Re: [PATCH] kvm: x86: Add Intel PMU MSRs to msrs_to_save[]

Jim Mattson <jmattson@xxxxxxxxxx> · Fri, 27 Sep 2019 10:30:38 -0700

On Fri, Sep 27, 2019 at 10:14 AM Sean Christopherson
<sean.j.christopherson@xxxxxxxxx> wrote:
>
> On Fri, Sep 27, 2019 at 06:32:27PM +0200, Paolo Bonzini wrote:
> > On 27/09/19 18:10, Jim Mattson wrote:
> > > On Fri, Sep 27, 2019 at 9:06 AM Paolo Bonzini <pbonzini@xxxxxxxxxx> wrote:
> > >>
> > >> On 27/09/19 17:58, Xiaoyao Li wrote:
> > >>> Indeed, "KVM_GET_MSR_INDEX_LIST" returns the guest msrs that KVM supports and
> > >>> they are free from different guest configuration since they're initialized when
> > >>> kvm module is loaded.
> > >>>
> > >>> Even though some MSRs are not exposed to guest by clear their related cpuid
> > >>> bits, they are still saved/restored by QEMU in the same fashion.
> > >>>
> > >>> I wonder should we change "KVM_GET_MSR_INDEX_LIST" per VM?
> > >>
> > >> We can add a per-VM version too, yes.
> >
> > There is one problem with that: KVM_SET_CPUID2 is a vCPU ioctl, not a VM
> > ioctl.
> >
> > > Should the system-wide version continue to list *some* supported MSRs
> > > and *some* unsupported MSRs, with no rhyme or reason? Or should we
> > > codify what that list contains?
> >
> > The optimal thing would be for it to list only MSRs that are
> > unconditionally supported by all VMs and are part of the runtime state.
> >  MSRs that are not part of the runtime state, such as the VMX
> > capabilities, should be returned by KVM_GET_MSR_FEATURE_INDEX_LIST.
> >
> > This also means that my own commit 95c5c7c77c06 ("KVM: nVMX: list VMX
> > MSRs in KVM_GET_MSR_INDEX_LIST", 2019-07-02) was incorrect.
> > Unfortunately, that commit was done because userspace (QEMU) has a
> > genuine need to detect whether KVM is new enough to support the
> > IA32_VMX_VMFUNC MSR.
> >
> > Perhaps we can make all MSRs supported unconditionally if
> > host_initiated.  For unsupported performance counters it's easy to make
> > them return 0, and allow setting them to 0, if host_initiated
>
> I don't think we need to go that far.  Allowing any ol' MSR access seems
> like it would cause more problems than it would solve, e.g. userspace
> could completely botch something and never know.
>
> For the perf MSRs, could we enumerate all arch perf MSRs that are supported
> by hardware?  That would also be the list of MSRs that host_initiated MSR
> accesses can touch regardless of guest support.
>
> Something like:
>
>         case MSR_ARCH_PERFMON_PERFCTR0 ... MSR_ARCH_PERFMON_PERFCTR0+INTEL_PMC_MAX_GENERIC:
>         case MSR_ARCH_PERFMON_EVENTSEL0 ... MSR_ARCH_PERFMON_EVENTSEL0+INTEL_PMC_MAX_GENERIC:
>                 if (kvm_pmu_is_valid_msr(vcpu, msr))
>                         return kvm_pmu_set_msr(vcpu, msr_info);
>                 else if (msr <= num_hw_counters)
>                         break;
>                 return 1;

That doesn't quite work, since you need a vcpu, and
KVM_GET_MSR_INDEX_LIST is a system-wide ioctl, not a VCPU ioctl.

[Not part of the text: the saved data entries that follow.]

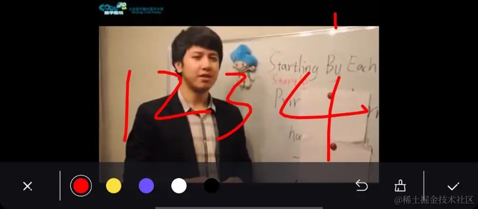 颜色选择功能可选择和标识当前涂鸦颜色,和指示当前涂鸦颜色的选中状态(以白色外圈标识)。切换颜色后下一次涂鸦即会使用新的颜色。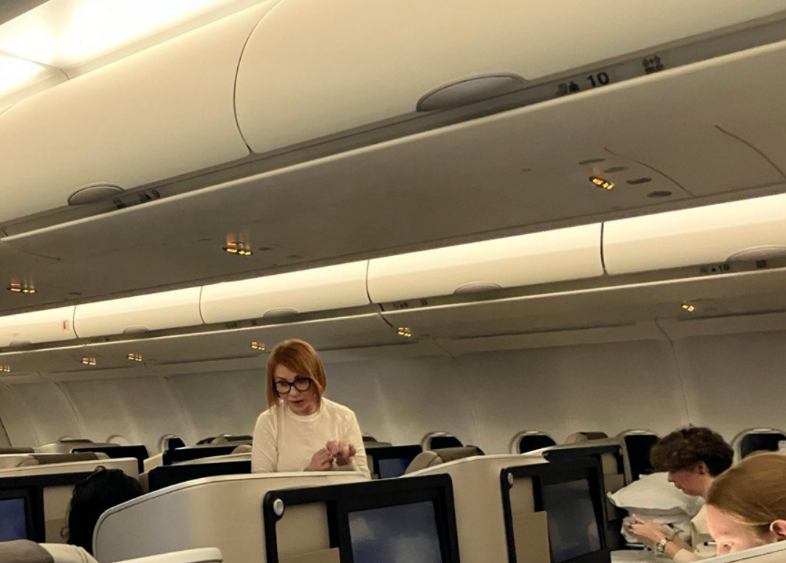 То ли самка бизнесмена или чиновника на отдыхе, то ли сама "добилась успеха" и теперь демонстрирует это окружающим, но у этой пассажирки место было у окна, а ее подруга сидела в среднем ряду через ряд. Так наша героиня так хотела общения с подругой, что встала рядом с соседкой подруги и через нее начала свой пустой треп. Болтовня началась еще когда все усаживались в кресла. Но потом она продолжилась, когда самолет набрал высоту и встал на курс. Не прекращалась она, когда начали ужинать. Стюрдесса разнесет всем еду, в том числе и соседке подруги, и дамочка тут как тут, соседка ест, а эта через нее наклоняется и что-то болтает. От ее болтовни стало уже мне тошно. Представляю какие чувства испытывала пассажирка. Продолжался этот аттракцион "вежливости" где-то два часа. И у нашей дамочки абсолютно не возникло мысли, что она что-то делает не так. Соседка, кстати китайка, почему-то публично никак не реагировала. Хотя ее гримасы недовольства на лице видны на видео.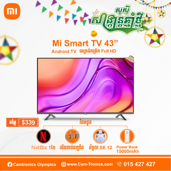 Mi Smart TV 43" អេក្រង់កំរិត FHD អាចទស្សនា Youtube ដល់កម្រិត FHD មាន App អាចមើលរឿងHollywoodថ្មីៗ Bluetooth & Wifi Google Play Store & Chromecast Built-in Google A...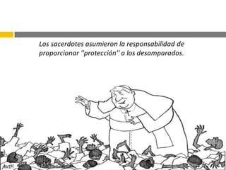 El documento describe la historia de las obras de caridad en el Viejo Mundo y en Inglaterra. Las primeras obras de caridad fueron proporcionadas por sacerdotes que cuidaban de los desamparados, viudas, huérfanos y enfermos. En el siglo XVII, Vicente de Paul mejoró las obras de caridad de la Iglesia Católica para prisioneros, huérfanos, enfermos y hambrientos. En la Inglaterra medieval, la Iglesia fue la principal institución caritativa apoyada por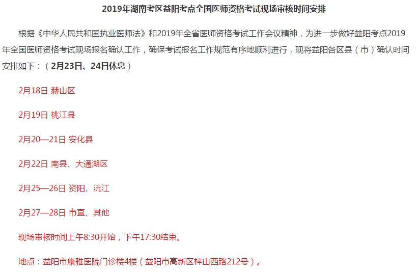 “湖南益阳市2019年乡村全科助理医师现场确认时间安排”由医学教育网编辑整理搜集,更多考试信息敬请关注医学教育网。
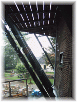 De uitbater van het restaurant was er niet, maar zijn schoonvader ontving ons vriendelijk en toen ik vertelde dat ik molenaar was slofte hij naar binnen om de sleutel te zoeken. Ik mocht best even kijken, maar, zo waarschuwde hij: pas op en het is voor eigen risico. Dat klonk niet veelbelovend. En zo bleek het ook. Bij mijn eerste rondgang buiten de molen bleek me al dat de molen niet meer bruikbaar is, althans: vanuit de optiek van een molenaar. Het gevlucht doet gammel aan, de heklatten liggen los en zien er niet best meer uit, de windborden lijken pietepeuterig ten opzichte van de rest van het gevlucht en zien er ook al niet best uit. Een roedeketting of iets dergelijks zag ik niet: bij stormweer, zo vertelde schoonvader, kwam de brandweer om het wiekenkruis te borgen en te voorkomen dat de molen op hol sloeg. Kruien gaat al lange tijd niet meer, ik zag dat de lange schoren tegen de torenmuren klem zaten en de kruilier was defect. De torenmuur was wel hersteld, je kon nog duidelijk zien waar ooit een enorm gat gezeten moet hebben, maar al met al moest ik mijn eerste indruk wat bijstellen.

> > (BTW, how did you pick 32?  is there any risk of conflicts with other MSRs?).
>
> Presumably because INTEL_PMC_MAX_GENERIC is 32.
>
> > I'm not sure of the best set of values to allow for VMX caps, especially
> > with the default0/default1 stuff going on for execution controls.  But
> > perhaps that would be the simplest thing to do.
> >
> > One possibility would be to make a KVM_GET_MSR_INDEX_LIST variant that
> > is a system ioctl and takes a CPUID vector.  I'm worried that it would
> > be tedious to get right and hardish to keep correct---so I'm not sure
> > it's a good idea.
> >
> > Paolo